**Exercise goal:**
Copy out the data below as written; omit any images.

**Supplied material:**
"""

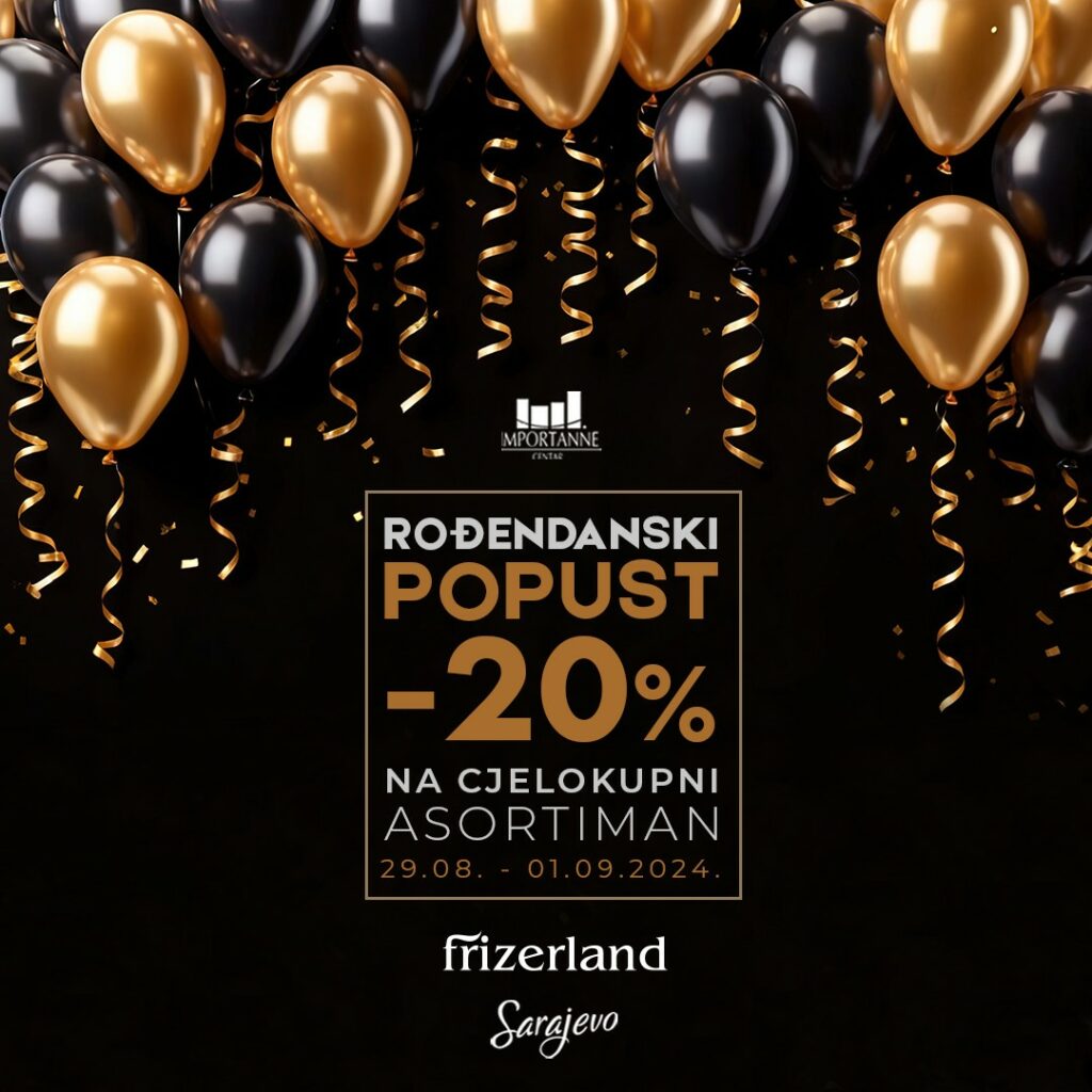 Od 29. avgusta do 1. septembra 2024., iskoristite rođendansko sniženje od 20% na cijeli asortiman proizvoda u ovoj poslovnici.
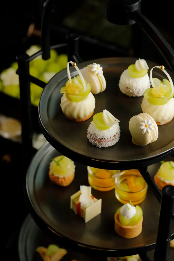 - 中段:マスカットのシュークリーム(青りんごとエルダーフラワーのジュレ)、マスカットティーとアプリコットのケーキ、シャインマスカットのタルト、カモミールとレモングラスのジュレ
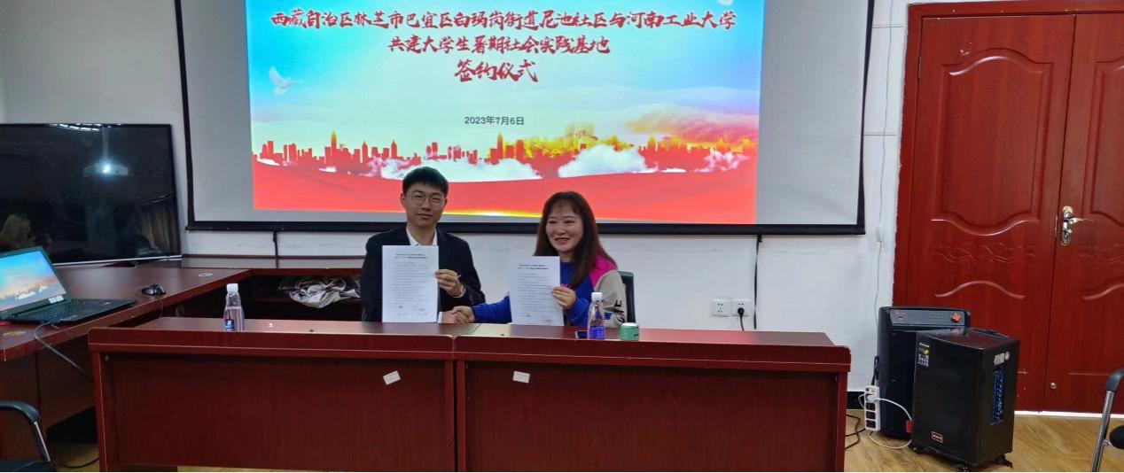 12日上午,河南工業(yè)大學與林芝市四個社區(qū)(村居)共建社會實踐基地協(xié)議簽約儀式在林芝舉行,團隊隊長李遠宏與雙擁路社區(qū)、尼池社區(qū)、公眾村、永久村代表簽約《河南工業(yè)大學土木工程學院(建筑學院)2023年“三下鄉(xiāng)”暑期社會實踐活動基地協(xié)議》,團隊全體成員、有關(guān)負責領(lǐng)導同志參加簽約儀式。
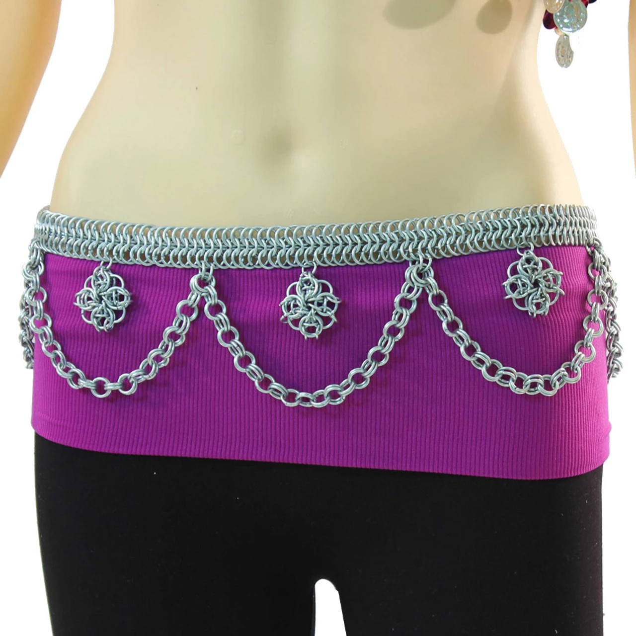 Our Belly Dancing Chainmail Belt is constructed is real chainmail links with a floral fringe design. This belt is 48 inches in length but you can adjust it to your correct size by opening the linking taking off the excess and re-closing them.

"""

**Solved problem:**
 Od 29. avgusta do 1. septembra 2024., iskoristite rođendansko sniženje od 20% na cijeli asortiman proizvoda u ovoj poslovnici.
 - 中段:マスカットのシュークリーム(青りんごとエルダーフラワーのジュレ)、マスカットティーとアプリコットのケーキ、シャインマスカットのタルト、カモミールとレモングラスのジュレ
 12日上午,河南工業(yè)大學與林芝市四個社區(qū)(村居)共建社會實踐基地協(xié)議簽約儀式在林芝舉行,團隊隊長李遠宏與雙擁路社區(qū)、尼池社區(qū)、公眾村、永久村代表簽約《河南工業(yè)大學土木工程學院(建筑學院)2023年“三下鄉(xiāng)”暑期社會實踐活動基地協(xié)議》,團隊全體成員、有關(guān)負責領(lǐng)導同志參加簽約儀式。
 Our Belly Dancing Chainmail Belt is constructed is real chainmail links with a floral fringe design. This belt is 48 inches in length but you can adjust it to your correct size by opening the linking taking off the excess and re-closing them.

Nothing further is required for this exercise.